Некстати подумалось сейчас о шамане, время было приходить обезьяне, самое время, а надо ещё суметь собраться духом, приготовиться к отражению нападения - положить недалеко от правой руки пику, а в левую взять домашнего деревянного божка, который хоть с обезьяной и не умел справиться, но дух хозяина укреплял до такой степени, что крыша жилища не вздрагивала во время потустороннего визита. Лысый змей был весь в ожидании, но тут одна мысль пронзила его словно очередная рыбья кость губу. Ведь он приказал тогда обезьяну отпустить, отпустить это правильное животное, даже благодарен был ей за верную подсказку, но почему? Почему она так корит его за это, неужели она погибла в тот день от неосторожности какого-то непочтительного воина или попалась в зубы хищному зверю и решила, что во всём был виноват тот, кто, считала она, уронил её с дерева. Загадка. Очередная загадка лесных Богов.

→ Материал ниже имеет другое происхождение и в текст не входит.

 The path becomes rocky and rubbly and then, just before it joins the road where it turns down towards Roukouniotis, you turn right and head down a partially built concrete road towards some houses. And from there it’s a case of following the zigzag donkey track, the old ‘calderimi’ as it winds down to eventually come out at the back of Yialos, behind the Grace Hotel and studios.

Вползла лунная сухая слякоть, легко миновала пол хижины и добралась до подстилки. Она забралась на колени, выбежала на живот и упёрлась в подбородок. Невольно Лысый змей задрал его в небо, прикрытое соломой, лишь отверстие для дыма очага открывало нежный, розовый свет Северной звезды, яркий на небе, но не покидающий его пределы и не проникающий внутрь человеческого жилища. Подбородок начал холодеть. Воин закрыл глаза, а когда нашёл в себе силы их распахнуть, широко и мгновенно, - боялся, что не решится это сделать, - то Белая обезьяна уже сидела у него на груди. Она расположилась удобно, вытянула ноги к прохладным камням очага, опёрлась спиной о стену, а рукой нежно перебрала два-три волоска на лысой голове Лысого змея. Её тихий голос напоминал шелест пепла меж сухих трав.

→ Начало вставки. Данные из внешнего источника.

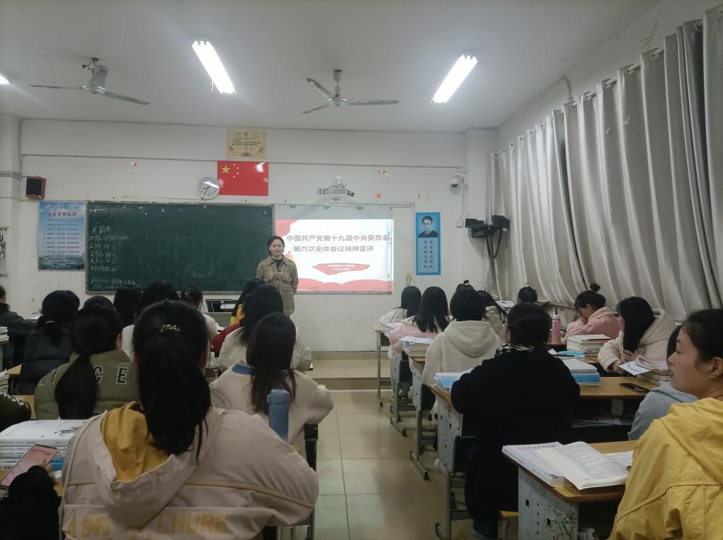 本站讯(护理学院 陈丽红)为进一步深入学习宣传贯彻党的十九届六中全会精神,扎实推进党史学习教育,持续引领广大青年大学生厚植爱党爱国情怀,汲取奋进智慧力量,掀起学习贯彻党的十九届六中全会精神的热潮,把引领青年大学生听党话跟党走持续做深做实。12月5日至8日,护理学院各党支部开展支部联系班级活动,专题宣讲党的十九届六中全会精神。

- Ты прав, я умерла. Умерла не вчера, не год назад, и не тогда, когда упала с ветки, а гораздо раньше. Совпадение, досадное совпадение с ходом человеческих мыслей, но надо поощрять любое совпадение, которое может принести пользу, лелеять его и развивать.

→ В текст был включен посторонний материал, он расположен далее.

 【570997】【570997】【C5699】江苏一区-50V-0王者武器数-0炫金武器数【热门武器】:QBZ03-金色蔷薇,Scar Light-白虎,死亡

- Чем могу быть тебе полезен, - щёлкая зубами, выговорил воин, сжимая копьё побелевшими, лунными пальцами.
- Ты - нет. Но помочь можешь. Ты понимаешь различие в необходимости и помощи, нет, ну да ладно. Мне нужна твоя Бессонница. Она прекрасная подруга, собеседница и моя любовница.
Из горла осипшего воина вышла Бессонница. Она села на одно из своих "н" и взяла в рот "с".
- Нет ничего пыр-рекрас-снее-её шествия, шествия по шесту с ума, на глубину трёх ростов человека вверх, к звёздам. И это не рекорд мира, а рекорд царства ужаса. Ты плачешь воин, а ведь это начало без лишь. Послушаем музыку. В Ордруфе я наслаждалась Себастьяном, он не был тогда испорчен обучением и тщательно фальшивил под управлением своего брата, а я держала под юбкой попугая. Попугай, вылезай из котла, нечего вариться в прогорклом кефирном отстое. Сыграй нам "Страсти-мордасти". Теперь тишина, слушаем музыку.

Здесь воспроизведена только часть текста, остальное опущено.